◆ **What to work on**:
As you look over the data below, please find each line where the word "Hall" appears, then copy it.

(Stored data entries)
•••

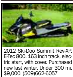
2012 Ski-Doo Summit Rev-XP. E-Tec 800. 163 inch track, electric start, with cover. Purchased new last winter. Under 300 mi. $9,000. (509)662-6057
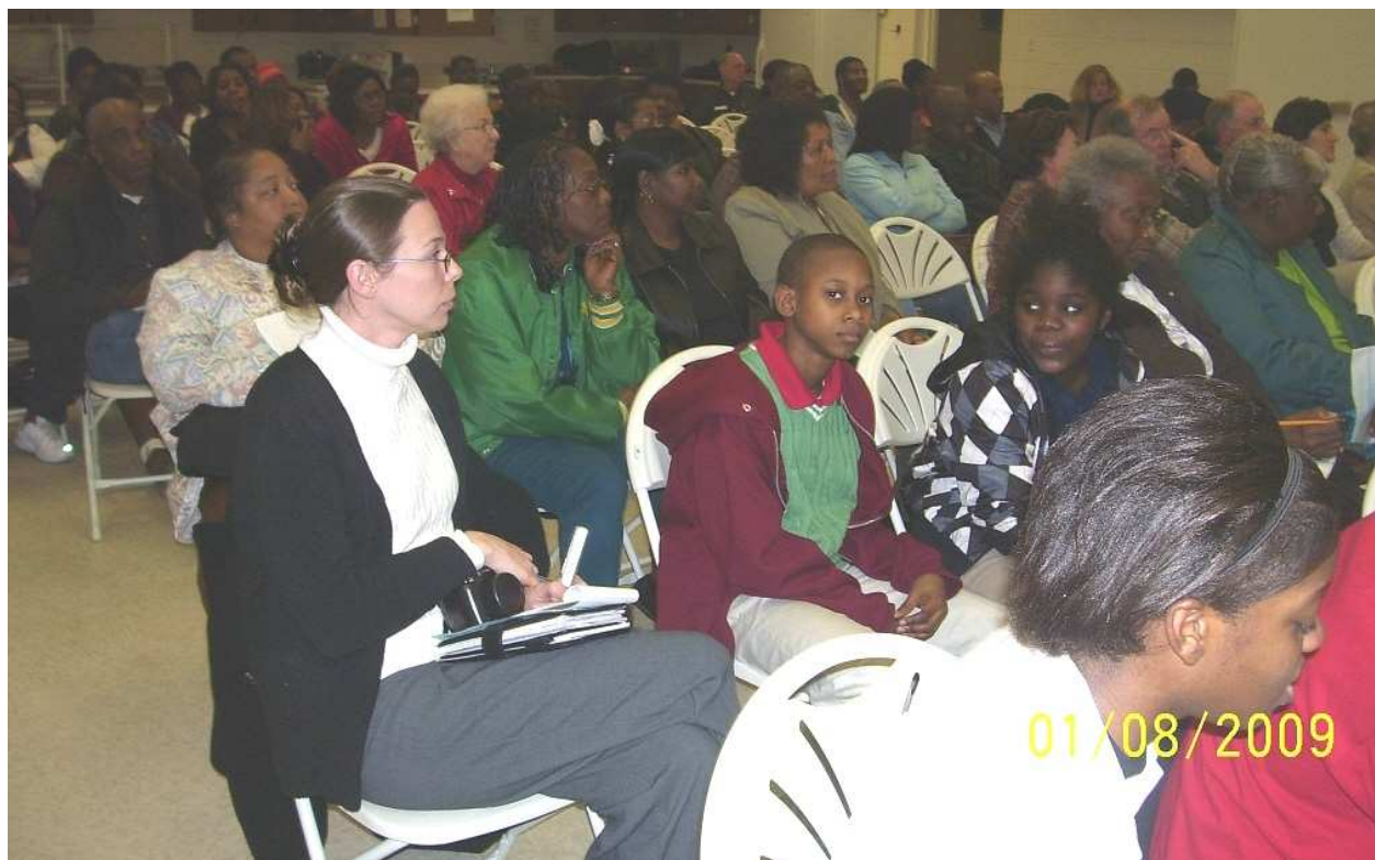
Eudora townspeople and guests attended a community forum for assessment on January 8 to kick off their revitalization project.

Ninety-two community members and guests were present on January 8 as the town of Eudora kicked off its Rural Community Revitalization project with Advocates for Community and Rural Education.
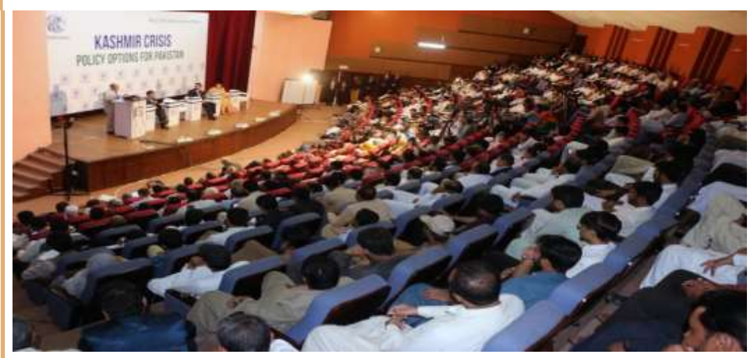
Hall View during the Seminar.

The summary of remarks shared by expert panellists are as follows:
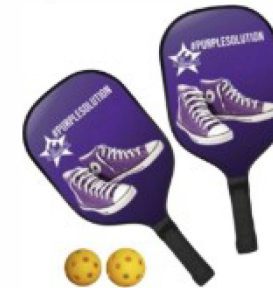
DOUBLE PLAYER PICKLEBALL SET $120 Includes two paddle, two balls, and drawing bag.
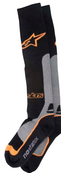
BLACK GRAY ORANGE // 174
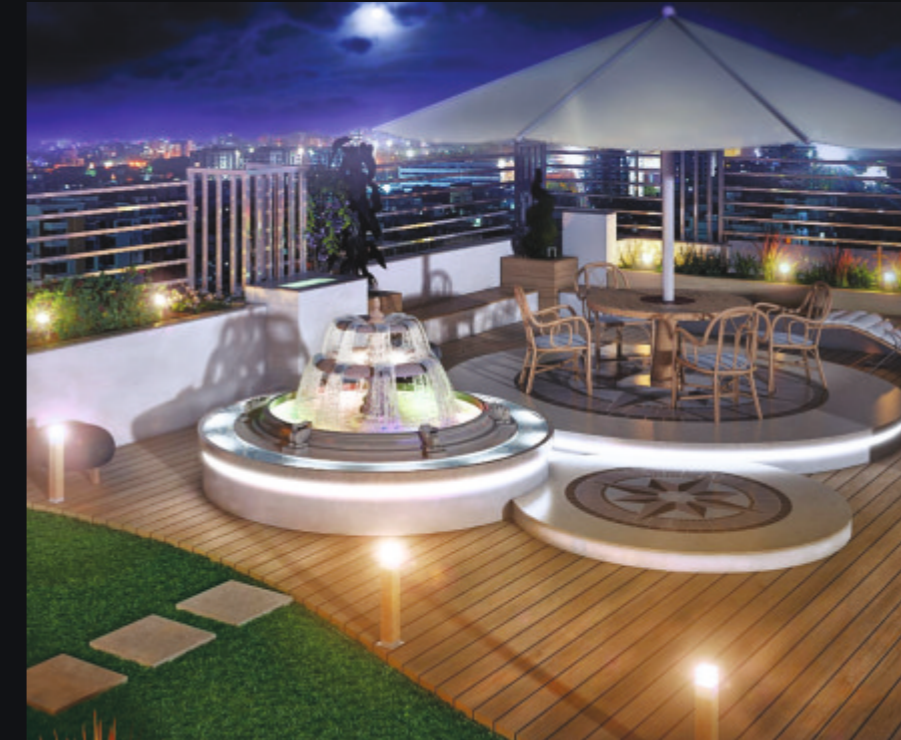
Roof Top Party Area
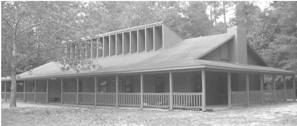
Camp Blue Heron Dining Hall

•••

◆ **Task output**:
Hall View during the Seminar.
Camp Blue Heron Dining Hall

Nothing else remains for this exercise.